◆ **DESCRIPTION OF THE TASK**:
What you return should be only the lines in the entries below between the one holding "You may enjoy" and the one holding "Figure 6. East", ends included, with every picture left out.

Data excerpts
● ● ● ● ●

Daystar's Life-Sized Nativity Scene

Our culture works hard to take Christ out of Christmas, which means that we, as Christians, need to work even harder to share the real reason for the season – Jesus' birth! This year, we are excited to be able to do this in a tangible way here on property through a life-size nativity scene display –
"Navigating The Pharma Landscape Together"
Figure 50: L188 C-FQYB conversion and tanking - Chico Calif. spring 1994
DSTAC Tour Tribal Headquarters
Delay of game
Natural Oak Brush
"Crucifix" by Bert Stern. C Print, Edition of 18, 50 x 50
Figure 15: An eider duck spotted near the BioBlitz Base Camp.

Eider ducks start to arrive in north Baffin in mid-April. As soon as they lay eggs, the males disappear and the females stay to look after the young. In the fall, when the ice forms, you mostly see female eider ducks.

● ● ● ● ●

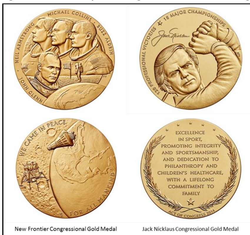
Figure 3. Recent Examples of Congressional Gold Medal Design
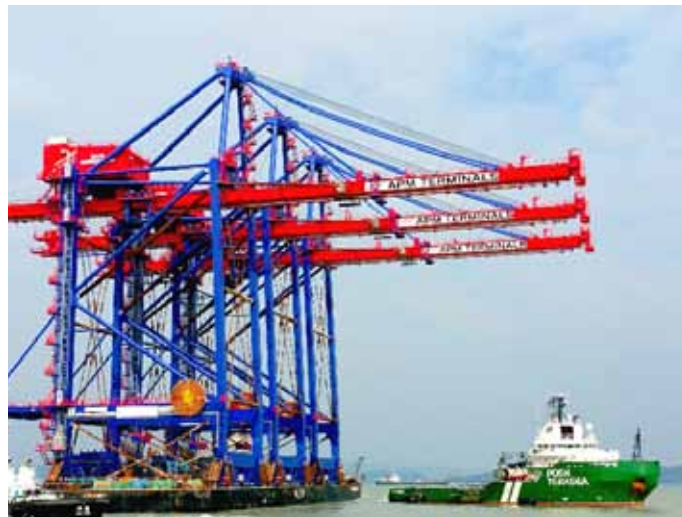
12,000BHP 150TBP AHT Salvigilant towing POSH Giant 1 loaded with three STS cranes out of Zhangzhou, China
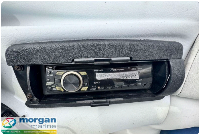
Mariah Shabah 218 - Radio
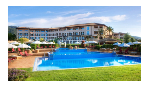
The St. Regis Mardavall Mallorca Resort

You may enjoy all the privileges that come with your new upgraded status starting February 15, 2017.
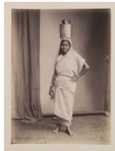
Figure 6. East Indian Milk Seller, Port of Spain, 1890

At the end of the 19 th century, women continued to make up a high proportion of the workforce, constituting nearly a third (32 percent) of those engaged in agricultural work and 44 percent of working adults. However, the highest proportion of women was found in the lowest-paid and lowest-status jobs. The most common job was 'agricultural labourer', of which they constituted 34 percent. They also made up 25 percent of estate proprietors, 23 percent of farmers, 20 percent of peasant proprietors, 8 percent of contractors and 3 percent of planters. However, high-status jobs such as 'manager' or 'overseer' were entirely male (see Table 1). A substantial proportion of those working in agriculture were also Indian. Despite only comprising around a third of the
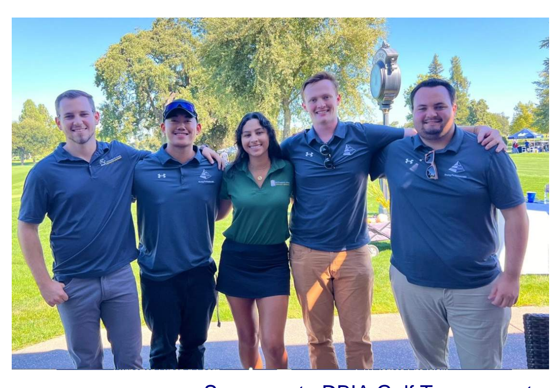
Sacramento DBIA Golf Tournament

● ● ● ● ●

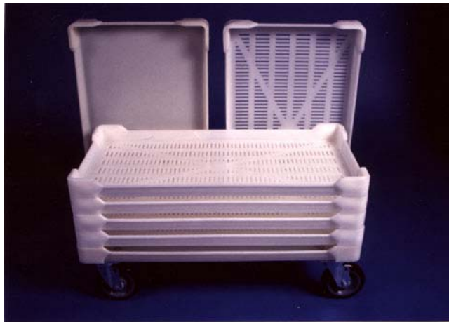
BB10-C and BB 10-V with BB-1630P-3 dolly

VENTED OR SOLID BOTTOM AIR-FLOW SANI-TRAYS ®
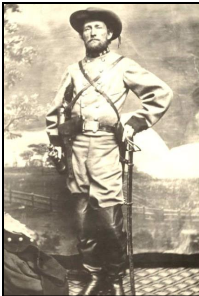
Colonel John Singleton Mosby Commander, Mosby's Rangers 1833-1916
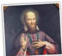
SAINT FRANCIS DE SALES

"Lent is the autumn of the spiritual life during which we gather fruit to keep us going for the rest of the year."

● ● ● ● ●

◆ **TASK OUTPUT**:
You may enjoy all the privileges that come with your new upgraded status starting February 15, 2017.
Figure 6. East Indian Milk Seller, Port of Spain, 1890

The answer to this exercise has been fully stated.